What you need to do >>
Leaving out the images, return the data below exactly as it is written.

══ Data excerpt ══

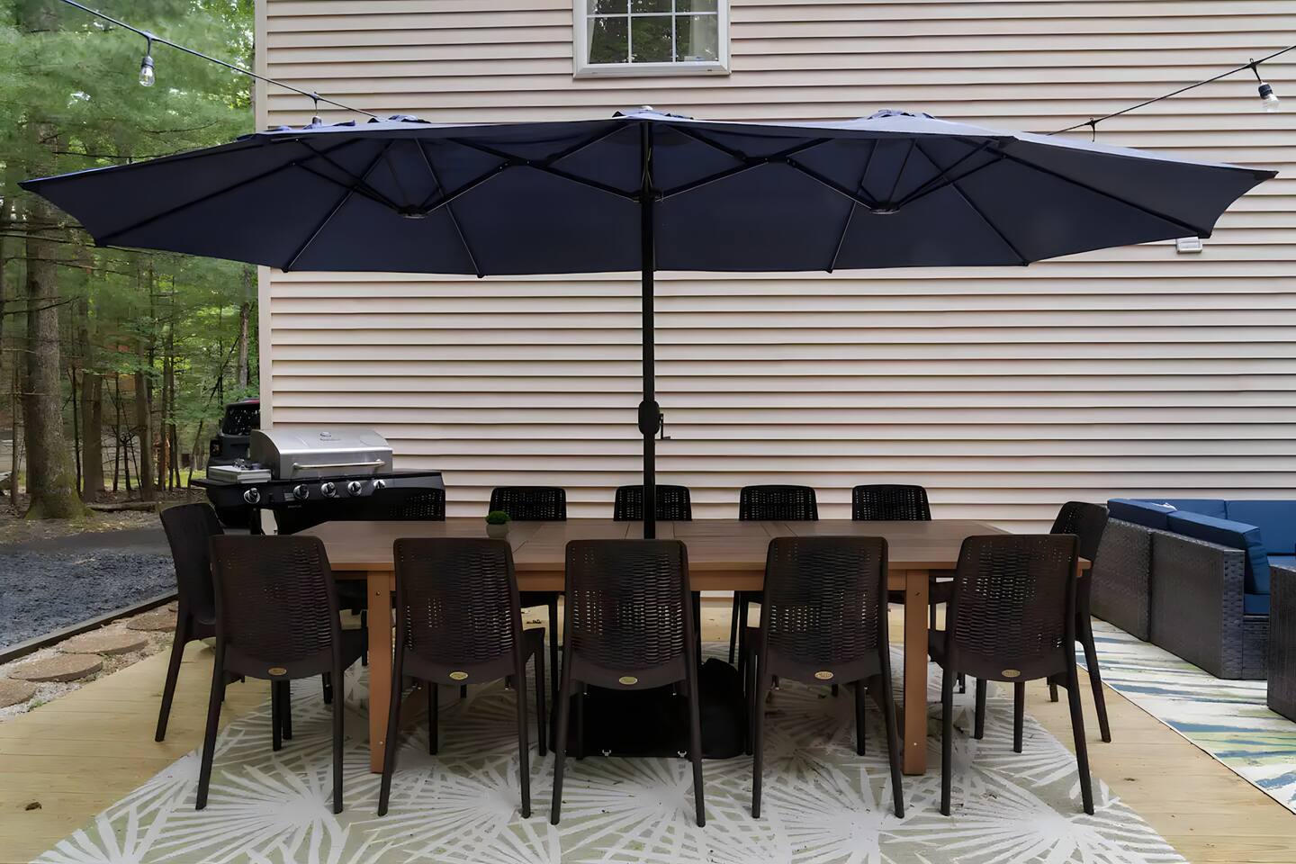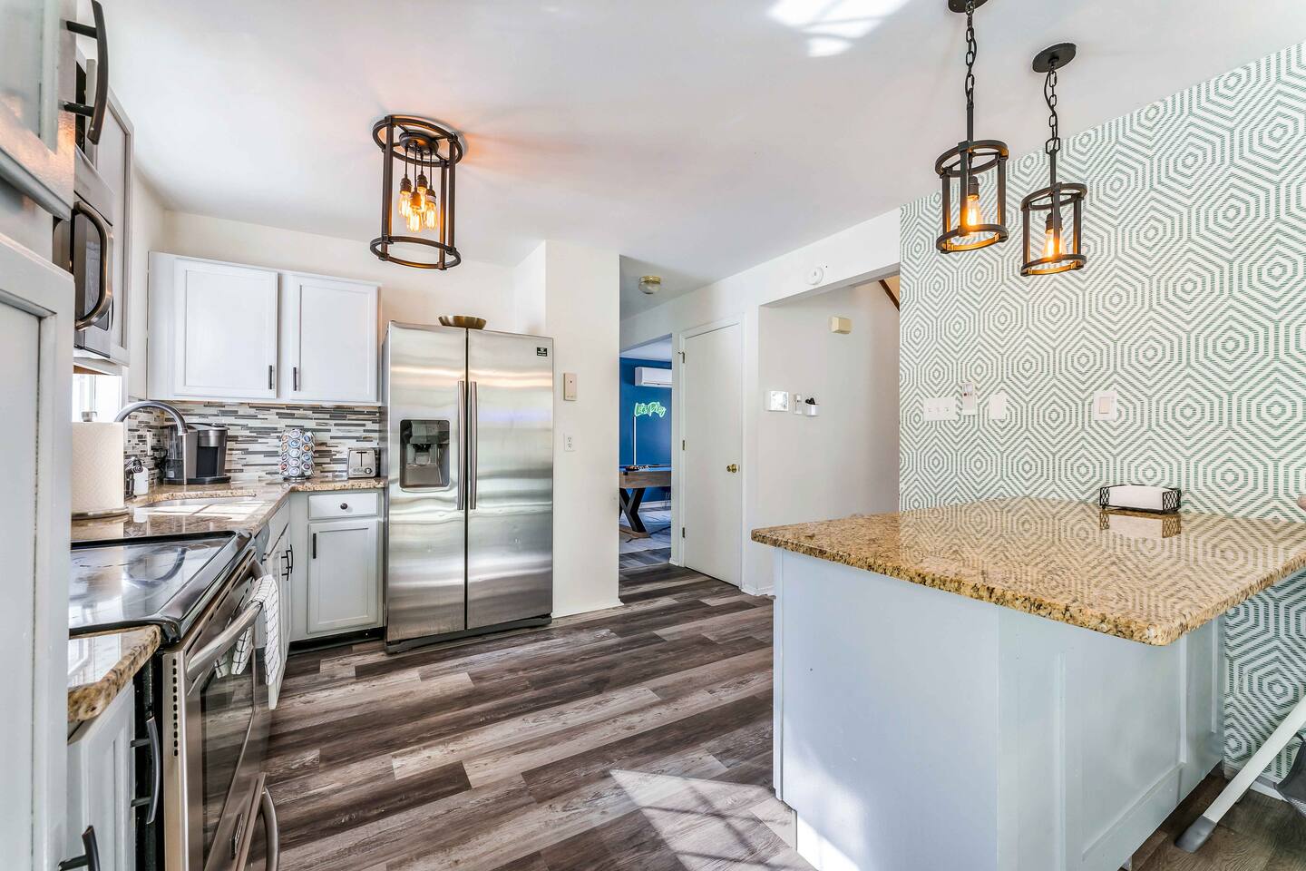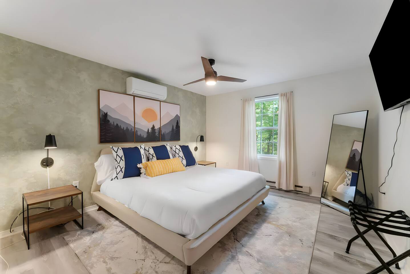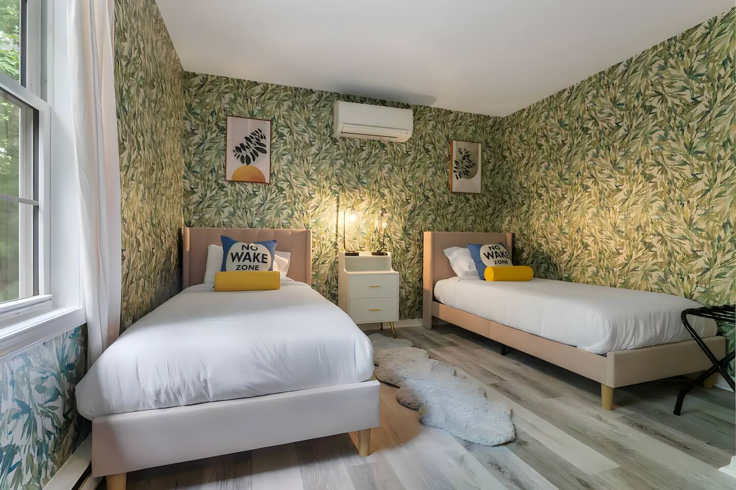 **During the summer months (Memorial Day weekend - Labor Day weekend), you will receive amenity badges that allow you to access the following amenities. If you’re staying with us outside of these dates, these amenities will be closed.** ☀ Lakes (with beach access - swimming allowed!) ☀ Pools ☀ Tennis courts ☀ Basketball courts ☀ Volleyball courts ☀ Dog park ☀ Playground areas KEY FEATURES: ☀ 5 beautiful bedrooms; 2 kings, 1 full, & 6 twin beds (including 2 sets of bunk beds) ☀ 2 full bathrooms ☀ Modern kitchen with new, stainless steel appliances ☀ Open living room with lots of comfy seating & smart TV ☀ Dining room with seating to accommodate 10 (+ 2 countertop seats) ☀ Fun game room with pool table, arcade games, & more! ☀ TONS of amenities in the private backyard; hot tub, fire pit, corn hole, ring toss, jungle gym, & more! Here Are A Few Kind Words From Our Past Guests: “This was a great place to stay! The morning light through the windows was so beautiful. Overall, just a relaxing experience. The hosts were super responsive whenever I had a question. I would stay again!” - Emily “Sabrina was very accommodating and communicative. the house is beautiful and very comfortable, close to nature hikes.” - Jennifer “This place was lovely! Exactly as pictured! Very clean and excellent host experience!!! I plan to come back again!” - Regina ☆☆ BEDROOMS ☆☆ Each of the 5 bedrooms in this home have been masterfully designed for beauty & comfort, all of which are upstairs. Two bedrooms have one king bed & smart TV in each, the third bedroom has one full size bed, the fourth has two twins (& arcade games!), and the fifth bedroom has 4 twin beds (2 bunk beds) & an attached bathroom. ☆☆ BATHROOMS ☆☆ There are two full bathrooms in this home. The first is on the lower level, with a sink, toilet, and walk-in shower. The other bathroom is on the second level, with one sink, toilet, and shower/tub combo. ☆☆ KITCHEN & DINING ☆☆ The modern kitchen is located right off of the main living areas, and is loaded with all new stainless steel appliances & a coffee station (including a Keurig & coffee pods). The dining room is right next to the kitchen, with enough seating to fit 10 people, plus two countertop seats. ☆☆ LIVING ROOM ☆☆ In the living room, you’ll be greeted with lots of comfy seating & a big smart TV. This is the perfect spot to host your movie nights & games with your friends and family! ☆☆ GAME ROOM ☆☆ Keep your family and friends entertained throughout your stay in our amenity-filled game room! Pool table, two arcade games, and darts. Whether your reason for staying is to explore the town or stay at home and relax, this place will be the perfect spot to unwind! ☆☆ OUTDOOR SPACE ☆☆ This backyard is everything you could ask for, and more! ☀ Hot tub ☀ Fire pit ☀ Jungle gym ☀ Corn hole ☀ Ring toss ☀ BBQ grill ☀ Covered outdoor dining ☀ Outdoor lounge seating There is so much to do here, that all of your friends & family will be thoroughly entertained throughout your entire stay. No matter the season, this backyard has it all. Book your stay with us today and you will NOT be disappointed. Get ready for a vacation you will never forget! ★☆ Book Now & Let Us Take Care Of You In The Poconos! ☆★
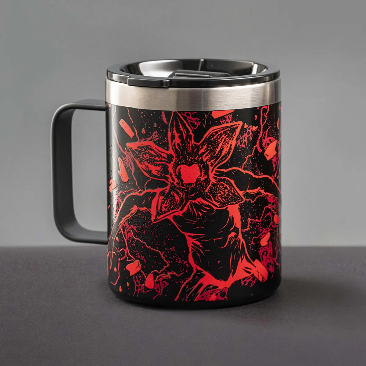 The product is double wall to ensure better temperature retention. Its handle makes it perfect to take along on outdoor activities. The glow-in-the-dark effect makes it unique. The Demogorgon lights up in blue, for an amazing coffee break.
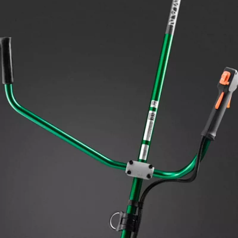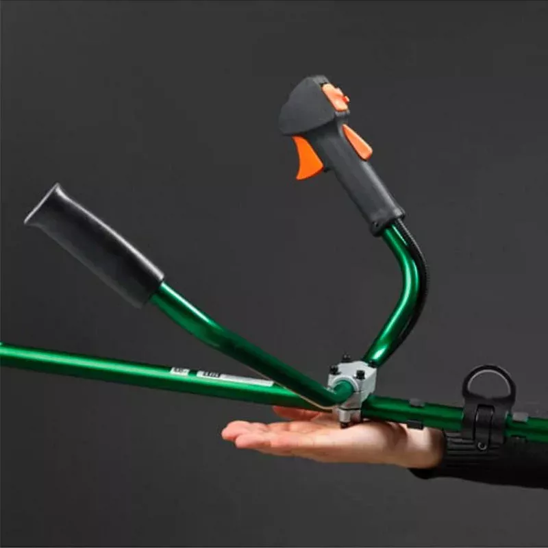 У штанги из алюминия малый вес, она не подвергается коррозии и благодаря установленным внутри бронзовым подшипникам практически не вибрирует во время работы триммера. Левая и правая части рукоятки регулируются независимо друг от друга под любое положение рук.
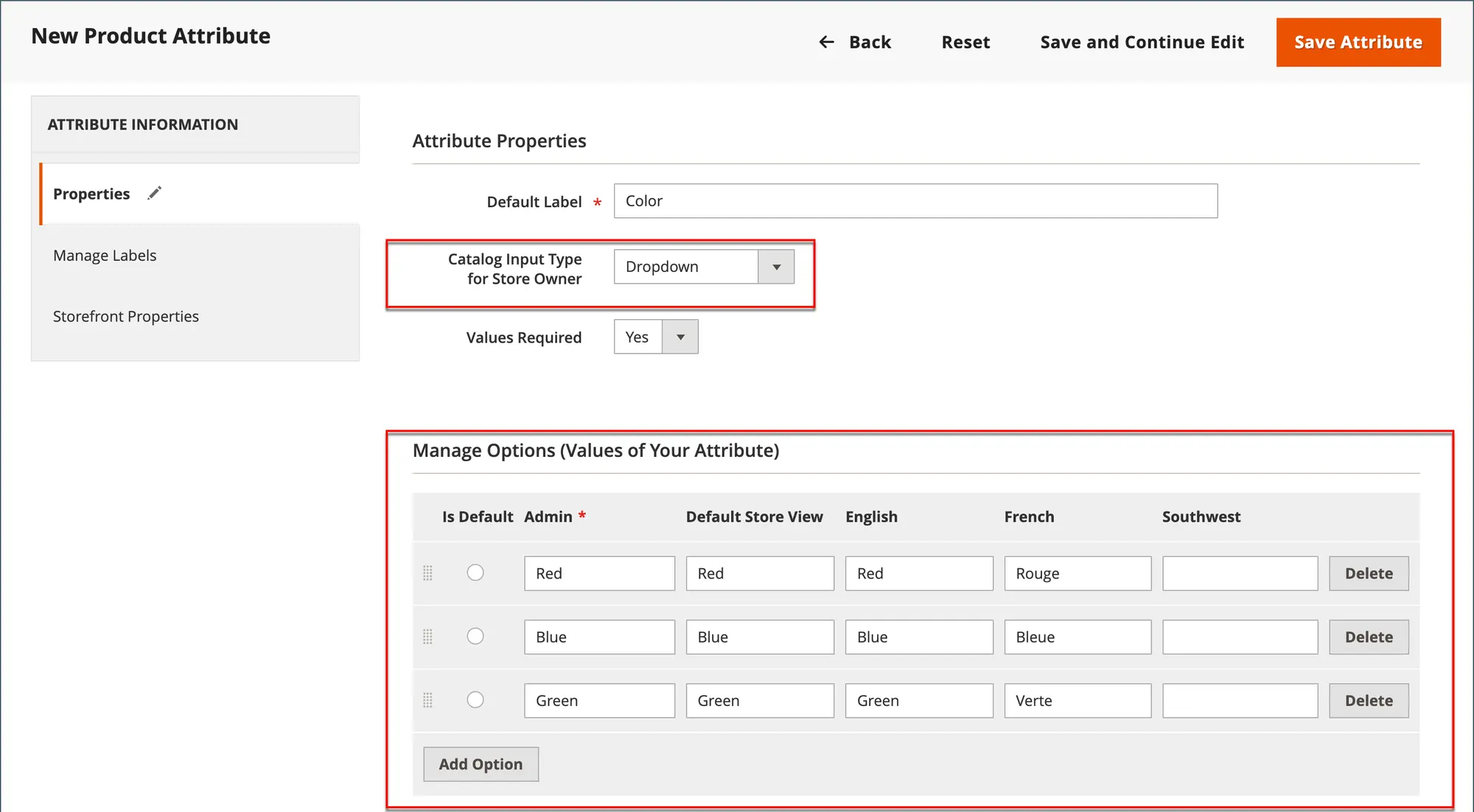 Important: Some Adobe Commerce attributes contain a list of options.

═══

Output >>
 **During the summer months (Memorial Day weekend - Labor Day weekend), you will receive amenity badges that allow you to access the following amenities. If you’re staying with us outside of these dates, these amenities will be closed.** ☀ Lakes (with beach access - swimming allowed!) ☀ Pools ☀ Tennis courts ☀ Basketball courts ☀ Volleyball courts ☀ Dog park ☀ Playground areas KEY FEATURES: ☀ 5 beautiful bedrooms; 2 kings, 1 full, & 6 twin beds (including 2 sets of bunk beds) ☀ 2 full bathrooms ☀ Modern kitchen with new, stainless steel appliances ☀ Open living room with lots of comfy seating & smart TV ☀ Dining room with seating to accommodate 10 (+ 2 countertop seats) ☀ Fun game room with pool table, arcade games, & more! ☀ TONS of amenities in the private backyard; hot tub, fire pit, corn hole, ring toss, jungle gym, & more! Here Are A Few Kind Words From Our Past Guests: “This was a great place to stay! The morning light through the windows was so beautiful. Overall, just a relaxing experience. The hosts were super responsive whenever I had a question. I would stay again!” - Emily “Sabrina was very accommodating and communicative. the house is beautiful and very comfortable, close to nature hikes.” - Jennifer “This place was lovely! Exactly as pictured! Very clean and excellent host experience!!! I plan to come back again!” - Regina ☆☆ BEDROOMS ☆☆ Each of the 5 bedrooms in this home have been masterfully designed for beauty & comfort, all of which are upstairs. Two bedrooms have one king bed & smart TV in each, the third bedroom has one full size bed, the fourth has two twins (& arcade games!), and the fifth bedroom has 4 twin beds (2 bunk beds) & an attached bathroom. ☆☆ BATHROOMS ☆☆ There are two full bathrooms in this home. The first is on the lower level, with a sink, toilet, and walk-in shower. The other bathroom is on the second level, with one sink, toilet, and shower/tub combo. ☆☆ KITCHEN & DINING ☆☆ The modern kitchen is located right off of the main living areas, and is loaded with all new stainless steel appliances & a coffee station (including a Keurig & coffee pods). The dining room is right next to the kitchen, with enough seating to fit 10 people, plus two countertop seats. ☆☆ LIVING ROOM ☆☆ In the living room, you’ll be greeted with lots of comfy seating & a big smart TV. This is the perfect spot to host your movie nights & games with your friends and family! ☆☆ GAME ROOM ☆☆ Keep your family and friends entertained throughout your stay in our amenity-filled game room! Pool table, two arcade games, and darts. Whether your reason for staying is to explore the town or stay at home and relax, this place will be the perfect spot to unwind! ☆☆ OUTDOOR SPACE ☆☆ This backyard is everything you could ask for, and more! ☀ Hot tub ☀ Fire pit ☀ Jungle gym ☀ Corn hole ☀ Ring toss ☀ BBQ grill ☀ Covered outdoor dining ☀ Outdoor lounge seating There is so much to do here, that all of your friends & family will be thoroughly entertained throughout your entire stay. No matter the season, this backyard has it all. Book your stay with us today and you will NOT be disappointed. Get ready for a vacation you will never forget! ★☆ Book Now & Let Us Take Care Of You In The Poconos! ☆★
 The product is double wall to ensure better temperature retention. Its handle makes it perfect to take along on outdoor activities. The glow-in-the-dark effect makes it unique. The Demogorgon lights up in blue, for an amazing coffee break.
 У штанги из алюминия малый вес, она не подвергается коррозии и благодаря установленным внутри бронзовым подшипникам практически не вибрирует во время работы триммера. Левая и правая части рукоятки регулируются независимо друг от друга под любое положение рук.
 Important: Some Adobe Commerce attributes contain a list of options.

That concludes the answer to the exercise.